**WORK TO BE COMPLETED**.
Transcribe every entry verbatim; omit pictures.

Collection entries
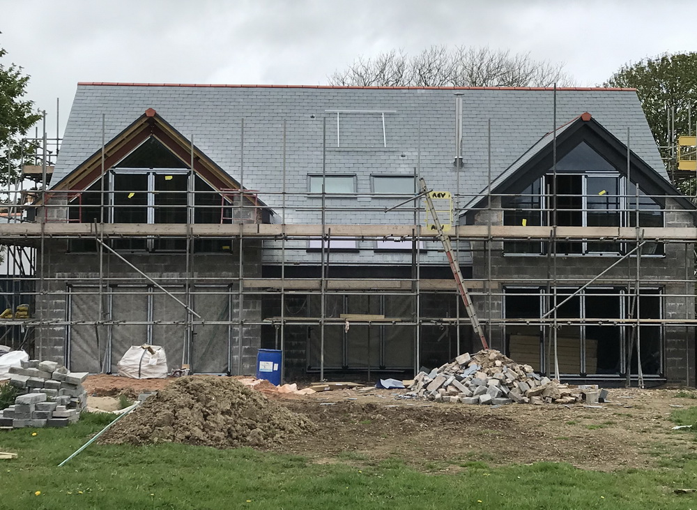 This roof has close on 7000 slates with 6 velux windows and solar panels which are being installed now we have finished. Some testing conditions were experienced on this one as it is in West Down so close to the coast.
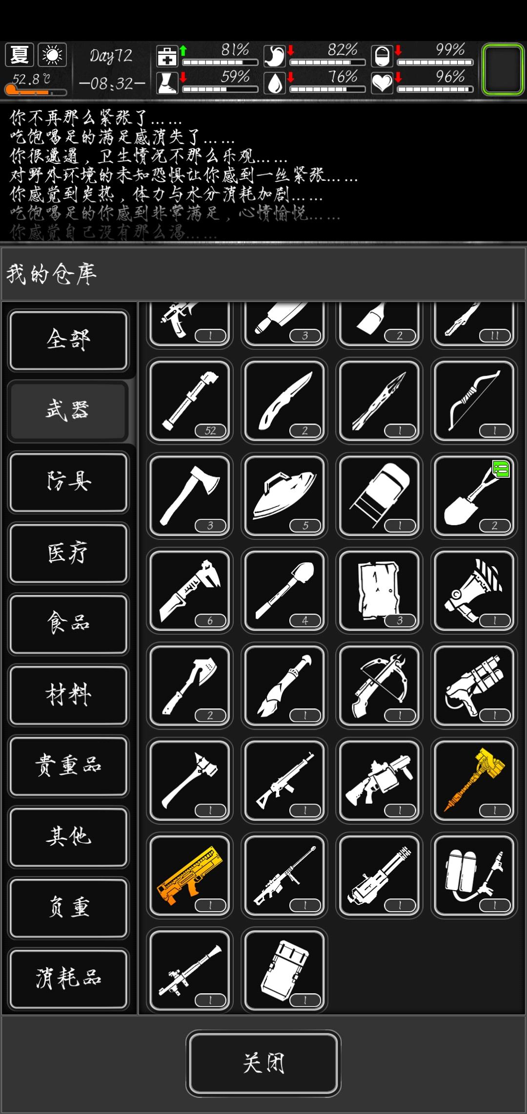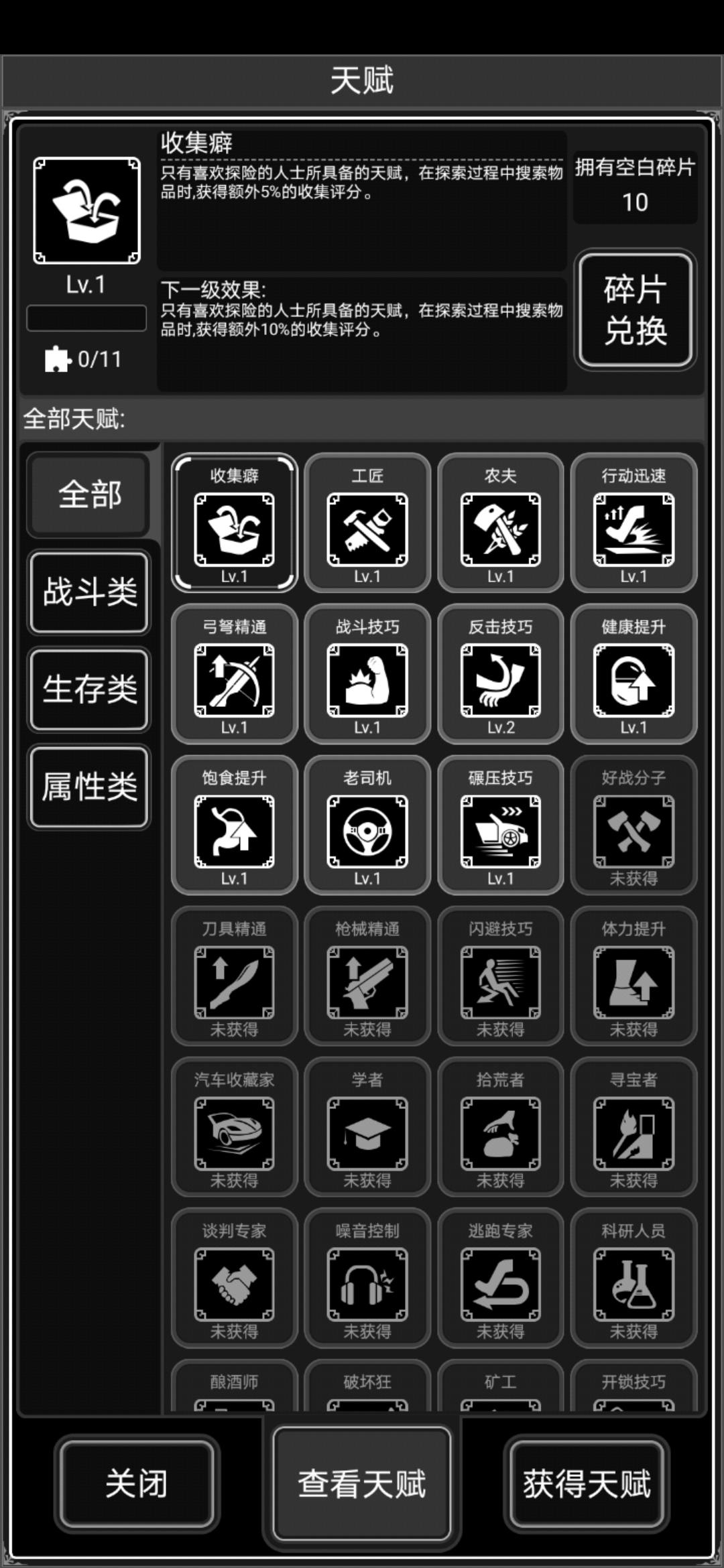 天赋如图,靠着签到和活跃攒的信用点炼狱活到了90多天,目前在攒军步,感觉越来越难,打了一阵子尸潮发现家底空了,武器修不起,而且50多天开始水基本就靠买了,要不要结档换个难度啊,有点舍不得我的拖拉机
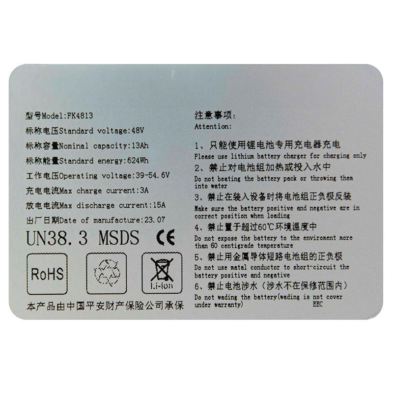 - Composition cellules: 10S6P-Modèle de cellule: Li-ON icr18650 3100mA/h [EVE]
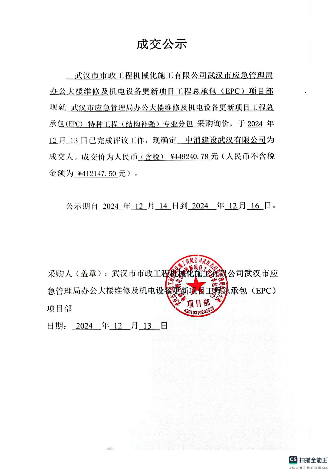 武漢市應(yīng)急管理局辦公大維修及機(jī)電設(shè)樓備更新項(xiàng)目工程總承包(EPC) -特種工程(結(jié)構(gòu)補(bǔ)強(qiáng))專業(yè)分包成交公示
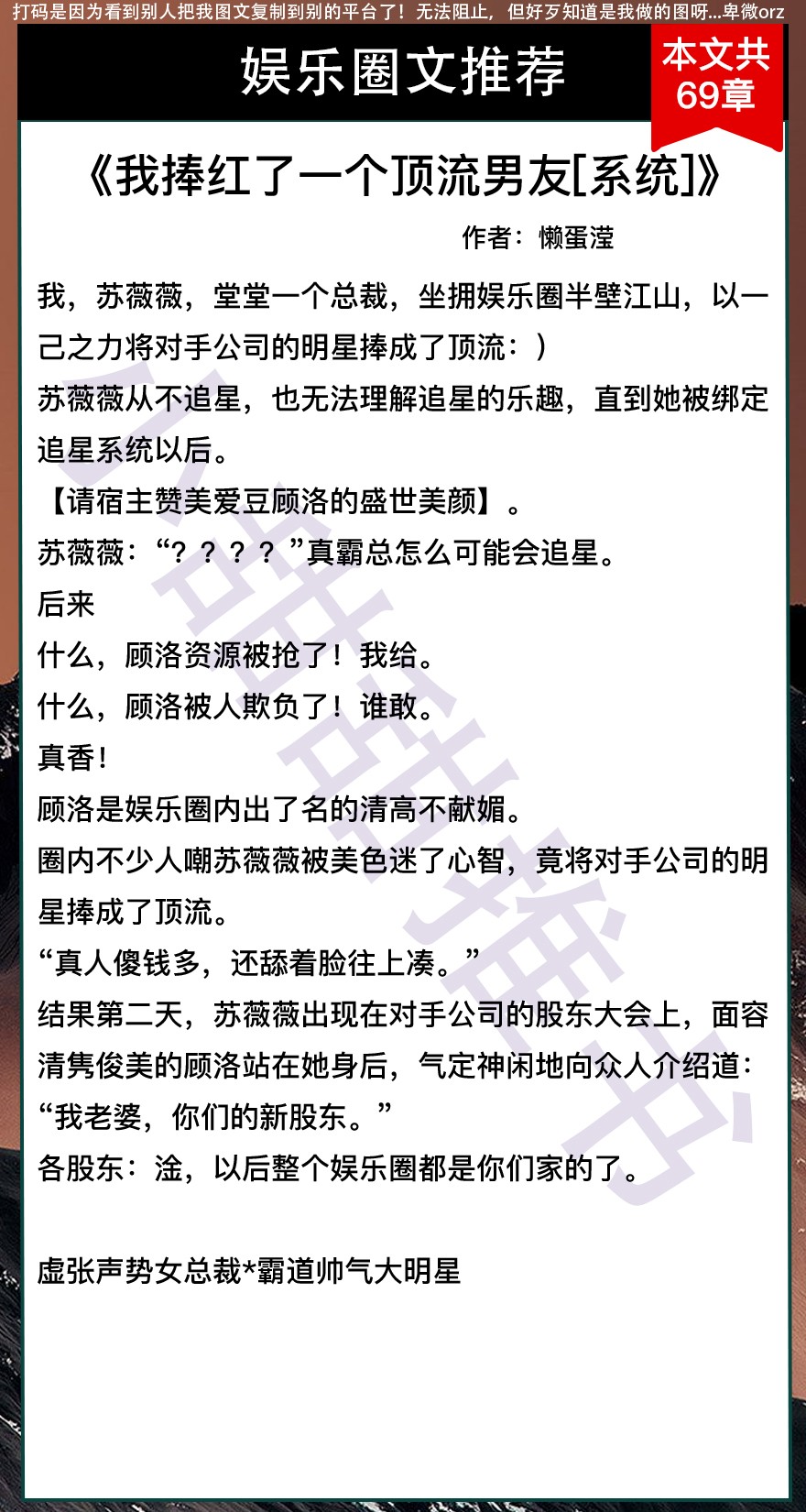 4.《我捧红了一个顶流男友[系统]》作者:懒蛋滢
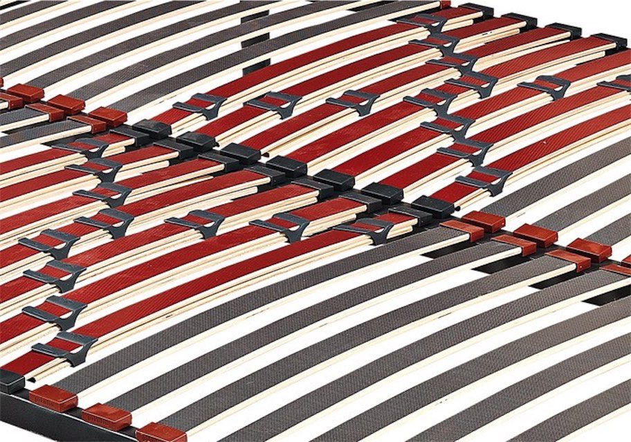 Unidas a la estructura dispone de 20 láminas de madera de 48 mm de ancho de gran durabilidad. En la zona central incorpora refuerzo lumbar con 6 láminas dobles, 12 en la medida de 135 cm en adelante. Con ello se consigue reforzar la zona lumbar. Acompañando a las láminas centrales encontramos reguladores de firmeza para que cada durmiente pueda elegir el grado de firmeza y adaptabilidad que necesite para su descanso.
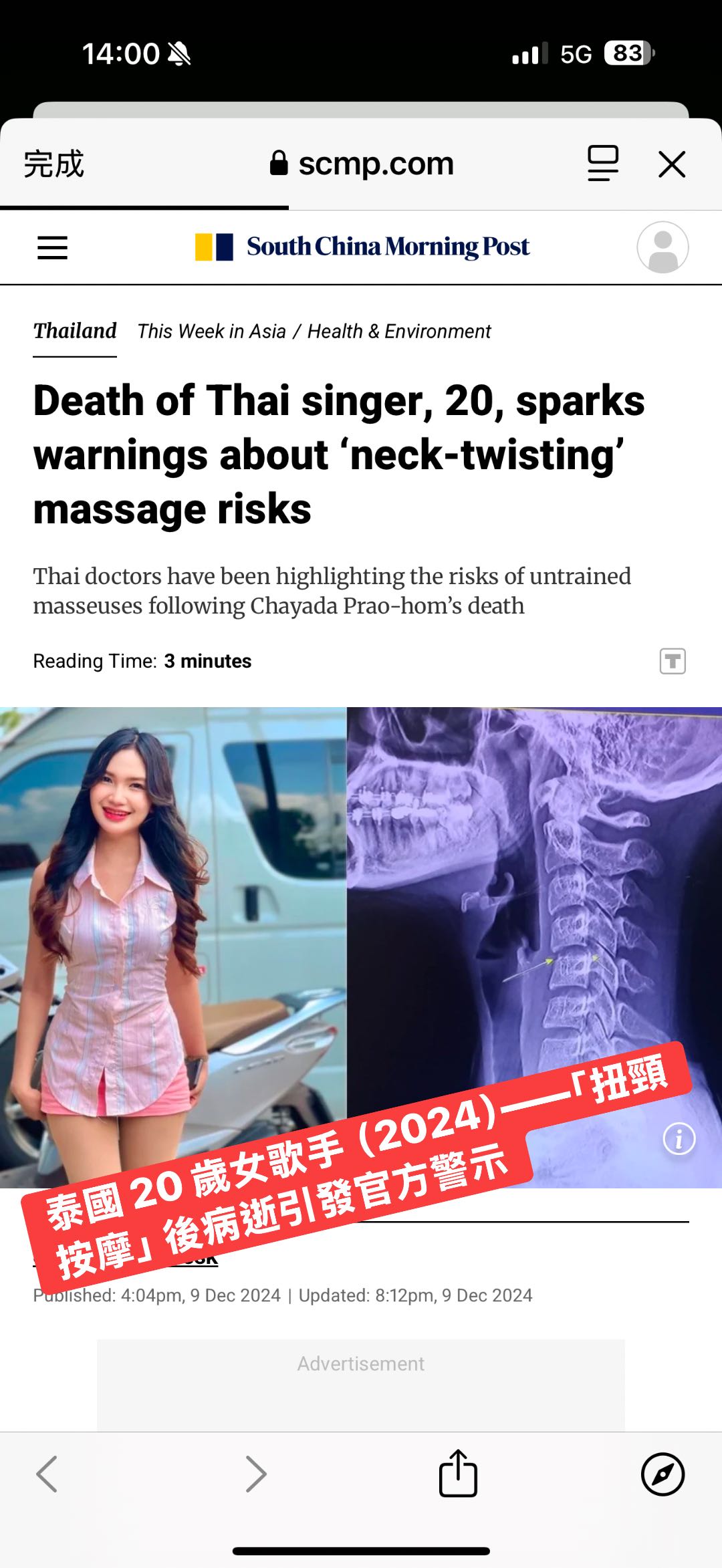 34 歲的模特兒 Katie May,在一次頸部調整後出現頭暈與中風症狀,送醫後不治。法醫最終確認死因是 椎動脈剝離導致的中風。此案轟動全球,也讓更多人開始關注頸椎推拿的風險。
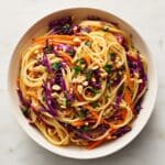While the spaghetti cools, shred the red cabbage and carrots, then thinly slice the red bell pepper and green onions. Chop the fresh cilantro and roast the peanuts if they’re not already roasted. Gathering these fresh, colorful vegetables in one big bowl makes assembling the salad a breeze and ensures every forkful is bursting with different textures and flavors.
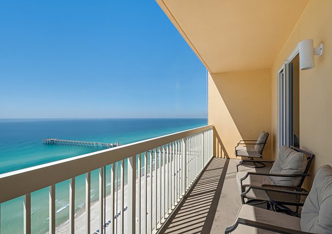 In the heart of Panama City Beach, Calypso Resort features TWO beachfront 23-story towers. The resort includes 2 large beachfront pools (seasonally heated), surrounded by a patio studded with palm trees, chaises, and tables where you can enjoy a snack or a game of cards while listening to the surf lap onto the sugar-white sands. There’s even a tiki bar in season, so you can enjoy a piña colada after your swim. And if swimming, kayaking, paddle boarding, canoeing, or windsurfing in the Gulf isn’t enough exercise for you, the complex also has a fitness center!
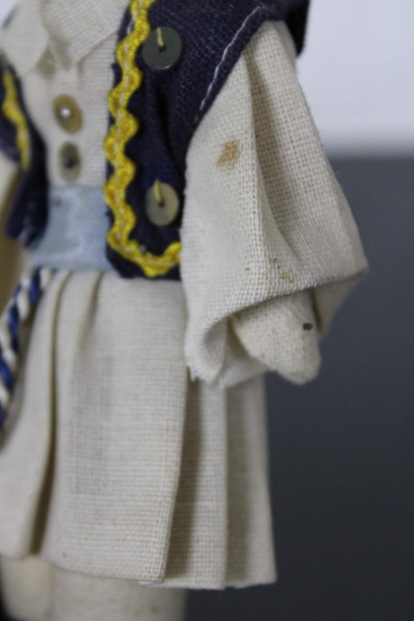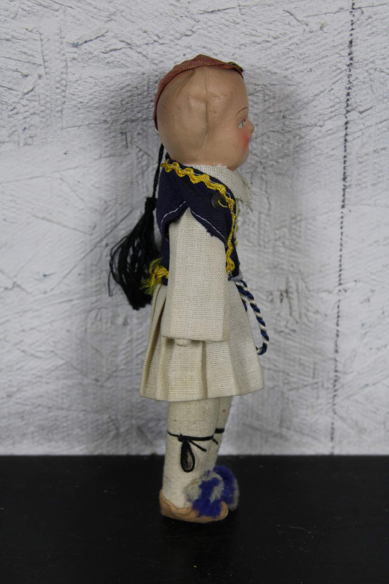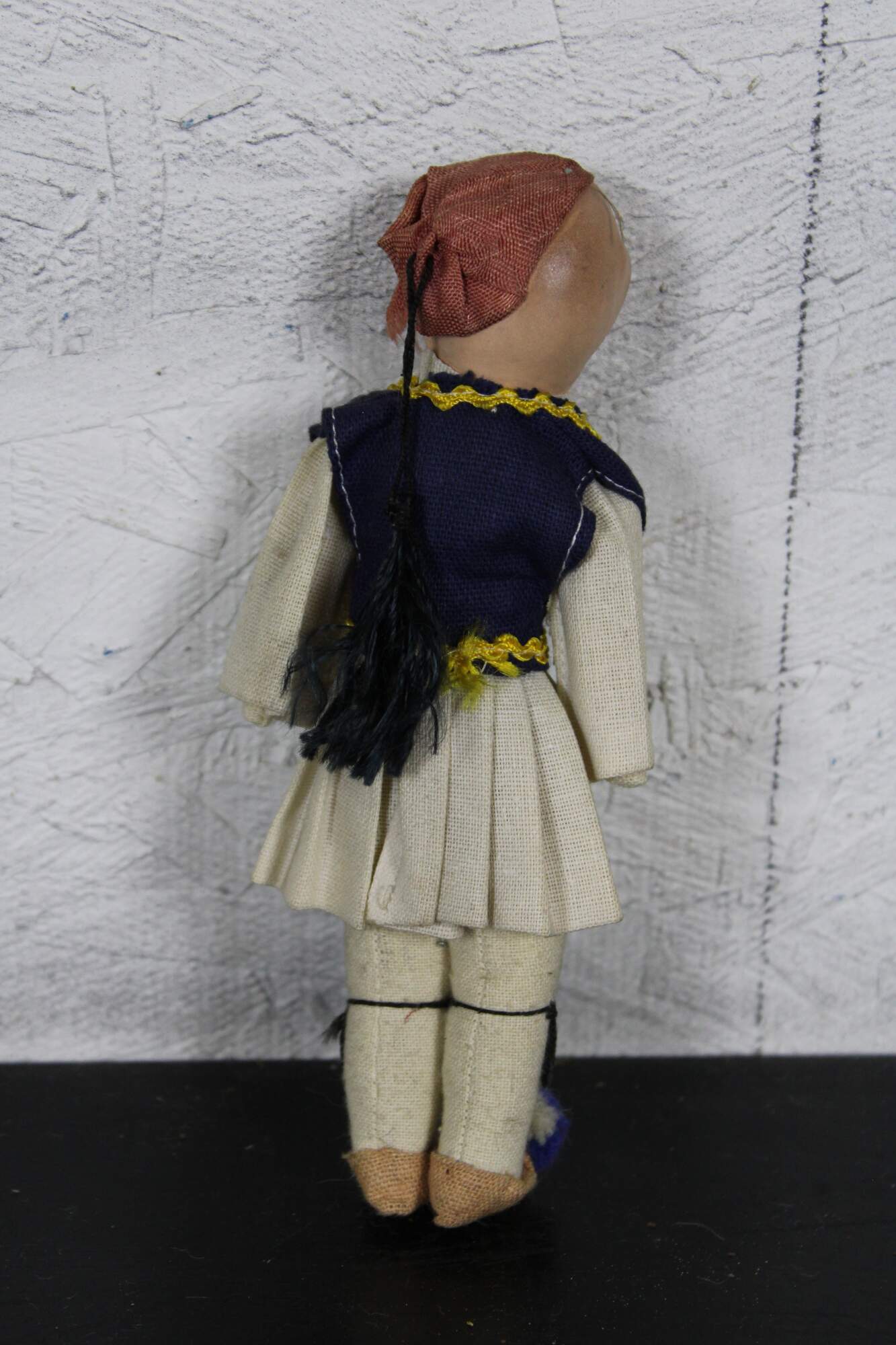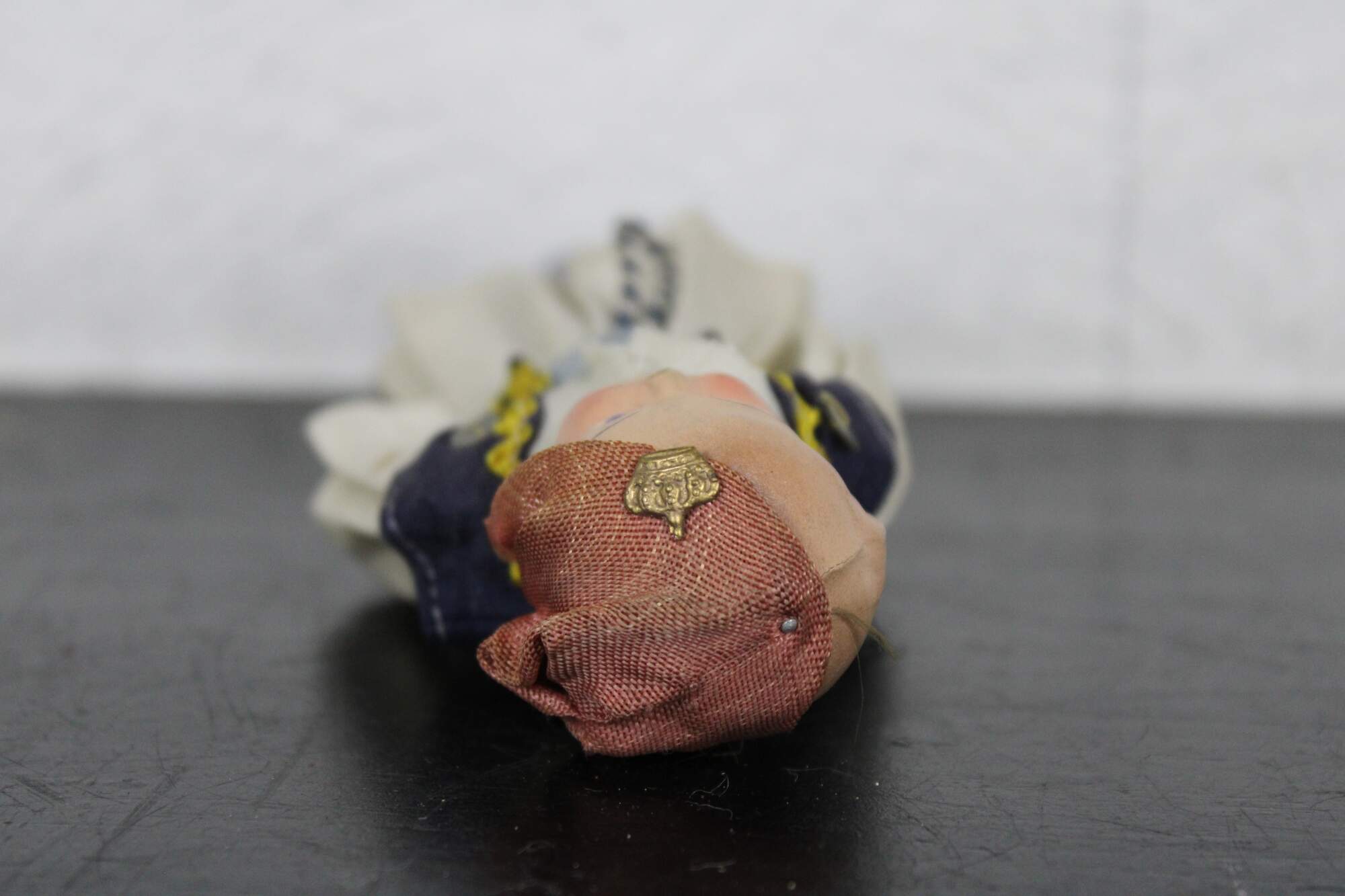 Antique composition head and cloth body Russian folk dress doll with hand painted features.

**ANSWER FOR THE TASK**.
 This roof has close on 7000 slates with 6 velux windows and solar panels which are being installed now we have finished. Some testing conditions were experienced on this one as it is in West Down so close to the coast.
 天赋如图,靠着签到和活跃攒的信用点炼狱活到了90多天,目前在攒军步,感觉越来越难,打了一阵子尸潮发现家底空了,武器修不起,而且50多天开始水基本就靠买了,要不要结档换个难度啊,有点舍不得我的拖拉机
 - Composition cellules: 10S6P-Modèle de cellule: Li-ON icr18650 3100mA/h [EVE]
 武漢市應(yīng)急管理局辦公大維修及機(jī)電設(shè)樓備更新項(xiàng)目工程總承包(EPC) -特種工程(結(jié)構(gòu)補(bǔ)強(qiáng))專業(yè)分包成交公示
 4.《我捧红了一个顶流男友[系统]》作者:懒蛋滢
 Unidas a la estructura dispone de 20 láminas de madera de 48 mm de ancho de gran durabilidad. En la zona central incorpora refuerzo lumbar con 6 láminas dobles, 12 en la medida de 135 cm en adelante. Con ello se consigue reforzar la zona lumbar. Acompañando a las láminas centrales encontramos reguladores de firmeza para que cada durmiente pueda elegir el grado de firmeza y adaptabilidad que necesite para su descanso.
 34 歲的模特兒 Katie May,在一次頸部調整後出現頭暈與中風症狀,送醫後不治。法醫最終確認死因是 椎動脈剝離導致的中風。此案轟動全球,也讓更多人開始關注頸椎推拿的風險。
While the spaghetti cools, shred the red cabbage and carrots, then thinly slice the red bell pepper and green onions. Chop the fresh cilantro and roast the peanuts if they’re not already roasted. Gathering these fresh, colorful vegetables in one big bowl makes assembling the salad a breeze and ensures every forkful is bursting with different textures and flavors.
 In the heart of Panama City Beach, Calypso Resort features TWO beachfront 23-story towers. The resort includes 2 large beachfront pools (seasonally heated), surrounded by a patio studded with palm trees, chaises, and tables where you can enjoy a snack or a game of cards while listening to the surf lap onto the sugar-white sands. There’s even a tiki bar in season, so you can enjoy a piña colada after your swim. And if swimming, kayaking, paddle boarding, canoeing, or windsurfing in the Gulf isn’t enough exercise for you, the complex also has a fitness center!
 Antique composition head and cloth body Russian folk dress doll with hand painted features.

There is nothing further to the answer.